French voters have just delivered a serious blow to the president.

Charles Devellennes

Topics Politics

Newly elected French president Emmanuel Macron faced a significant test in the polls last weekend, when voters cast their ballot in the first round of the French legislative elections. As it stands, Macron might not secure a parliamentary majority in the second and final round of voting on Sunday.

Macron now faces a crisis of legitimacy on several fronts. For a start, voters are withdrawing from the electoral process itself – just 47 per cent turned out to vote in the first round of the parliamentary elections, which is a record low. This is much lower than the turnout for equivalent parliamentary elections in the UK (67.3 per cent in 2019) or the US (66.7 per cent in 2020). Such a high level of abstention among French voters calls into question the democratic legitimacy of the National Assembly. After all, if the people aren’t voting for MPs, how can those MPs claim to represent the people?

This is partly Macron’s own doing. Under his ‘Jupiterian’ presidency, parliament has been turned into an ever-more subservient and docile body. It has offered no counterweight to Macron’s increasingly authoritarian rule, has passed multiple laws that restrict civil liberties, and has approved unpopular reforms to employment law and pensions. The zeal with which MPs rubber-stamped Macron’s crackdown on the gilets jaunes showed how little MPs care about the people. To many French voters, the National Assembly has looked largely redundant.

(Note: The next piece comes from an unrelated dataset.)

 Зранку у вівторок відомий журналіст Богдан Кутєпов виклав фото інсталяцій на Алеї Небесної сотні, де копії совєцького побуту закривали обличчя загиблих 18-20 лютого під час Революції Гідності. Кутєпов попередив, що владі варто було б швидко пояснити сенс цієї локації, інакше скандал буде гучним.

Macron’s own legitimacy is also being challenged by these elections. His alliance of centrist parties, Ensemble, is neck-and-neck with the union of the left, NUPES, with both alliances polling just below 26 per cent. Jean-Luc Mélenchon, the charismatic leader of NUPES, is unlikely to become prime minister, but his alliance could deny Macron a majority in the National Assembly. As it stands, NUPES is projected to win between 150 and 190 seats, whereas Ensemble is predicted to get between 255 and 295 (with 289 needed for a majority). It will be a tight race, and it could well lead to Macron’s nightmare scenario of needing to form a coalition government for his second term in office.

In the event of this happening, Macron would likely seek an alliance with the traditional right-wing party, Les Républicains, which, though much weaker than it once was, still commands support at a local level. Macron won’t be troubled by such an alliance. He has already shifted to the right significantly since 2017 – so much so, in fact, that still calling him a centrist seems a little passé.

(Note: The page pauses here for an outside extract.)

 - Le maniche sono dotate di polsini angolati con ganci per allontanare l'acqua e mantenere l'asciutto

The other challenge to Macron comes from the far right. Marine Le Pen’s Rassemblement National could secure as many as 45 seats in the National Assembly, which is 38 more than it has at present. Support for Le Pen may have fallen since the presidential elections in April, but far-right candidates are polling well in parliamentary constituencies in traditional working-class areas.

Rassemblement National may well benefit from Ensemble’s focus on defeating the left and NUPES in the second round. Indeed, Manuel Valls – the former Socialist prime minister who jumped ship to join Ensemble in 2017, only to be eliminated early on in these elections – suggested the formation of a so-called republican front against NUPES. Traditionally, such fronts used to involve an alliance of the main right and left parties against the far right. The not-so-subtle implication from the Macron camp this time is that the left is just as bad as the far right now. Macron, Valls et al are presenting the left as a danger to the republic which needs to be defeated.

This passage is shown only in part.